At 4:45, I see most of Andy Warhol’s “Face” (1965), starring Edie Sedgwick, brushing her hair, applying makeup, and chatting with pal Chuck Wein for 66 minutes. It’s the first film in an Avant-Garde Masters program, playing to an SRO house. We leave before “The Velvet Underground in Boston” (1967), Samuel Beckett’s “Film” (1965) starring Buster Keaton, and “Norman Mailer’s Untitled” (1947), an experimental 8-minute work, Mailer’s first movie, about a woman considering having an abortion. The catalogue describes “a battery of cinematic techniques: black & white and colour juxtaposition, animation, time-lapse photography, and microscopic close-ups.”
I’d love to see it, but we’ve been long ensconced across the hall, entranced by Ritwik Ghatak’s “Meghe Dhaka Tara” (“The Cloud-Capped Star,” 1960), perhaps oversold by introducer Shivendra Singh Dungarpur as “India’s greatest movie,” but indisputedly a masterpiece. Poetic, musical, haunting, this story of an unhappy family worthy of Eugene O’Neill breaks my heart – even more so because I know nothing of Ghatak. Where has he been all my life? My friend Jackie Mancuso enters late and is immediately gripped by the story, the cinematography, the acting. We protest, weakly, when we’re torn away, perhaps 20 minutes before the end, for a long-planned dinner in a restaurant in its own park-like setting on the outskirts of Bologna, where Jackie and Steve dined last year during the festival.

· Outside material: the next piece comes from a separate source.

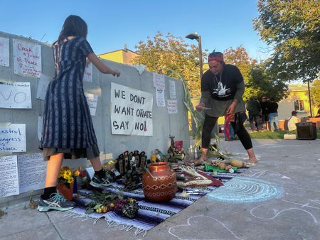 ESPANOLA, New Mexico (Reuters) – A New Mexico county halted the reinstallation of a 16th-century Spanish conquistador statue on Wednesday after protests over the return of the bronze figure, removed three years ago during nationwide anti-racism demonstrations.

Steve has a fantasy of returning in time to catch some of the World Cup game between Spain and Portugal, but as we linger over five courses (antipasti della casa featuring an unusual mortadella/ricotta spread, ethereal frittata, warm panzanella; seafood risotto and tagliatelle with ragu; an amazing five-item mixed grill, a dish of huge shrimp, and another of simple grilled steak; six different cheeses served with thin honey and house-made orange marmalade; an assortment of desserts including pistachio/chocolate mousse, crema catalana, and an airy coconut confection; macerated strawberries, sliced watermelon, and big fat cherries, all washed down with Verdicchio and a big Bolognese red), the game is forgotten. As for the name of this impossibly charming restaurant, I promise I will include in my next dispatch. I will remember this meal in the same breath with the best movies I’ve seen in Bologna.
A cab ride back to central Bologna lets me out in time to catch a good chunk of “The Grand Illusion” in the big square, impeccably restored by Studio Canal and the Cinémathèque de Toulouse. In the lobby of my hotel, I run into the Cinémathèque’s Natacha Laurent, and am able to compliment her on the work. It’s a movie I thought I knew by heart, but I see things in it (both literally and figuratively) that I’ve never seen before.
Spain won. Whatever that means. During tomorrow’s semi-finals (Italy vs. I-don’t-know-who), I’ll be safely tucked away in the cinema.